What you should do: Where the line containing "Vintage carved wooden" appears below, begin there and reproduce each line exactly through the last one, omitting pictures.

Data excerpt:
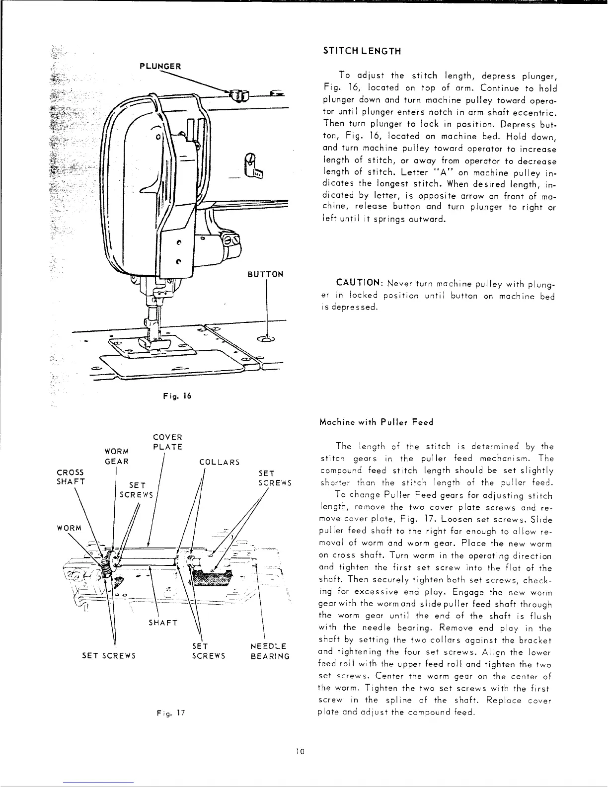 Singer 300W class - Stitch Length Adjustment; Adjusting Stitch Length with Puller Feed
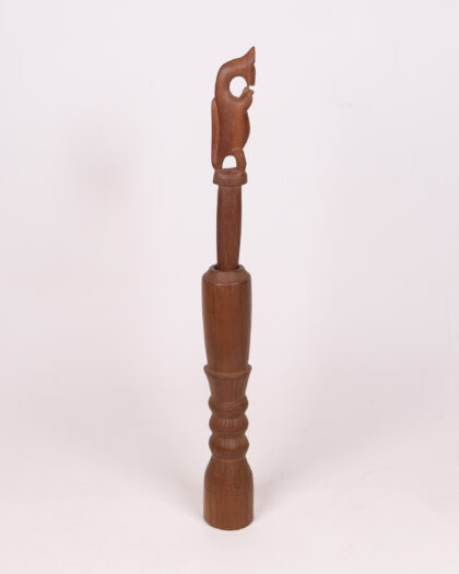 Vintage carved wooden ornament featuring a stylized bird atop a decorative stand. Unique and charming decorative piece for any home.
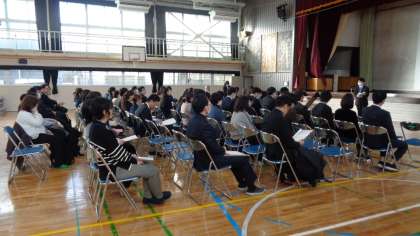 最後に、3校が体育館に集まり、各分科会の内容を報告しました。来年度も、3校でしっかりと小中一貫教育に取り組んでいきます。

Solution for this exercise:
 Vintage carved wooden ornament featuring a stylized bird atop a decorative stand. Unique and charming decorative piece for any home.
 最後に、3校が体育館に集まり、各分科会の内容を報告しました。来年度も、3校でしっかりと小中一貫教育に取り組んでいきます。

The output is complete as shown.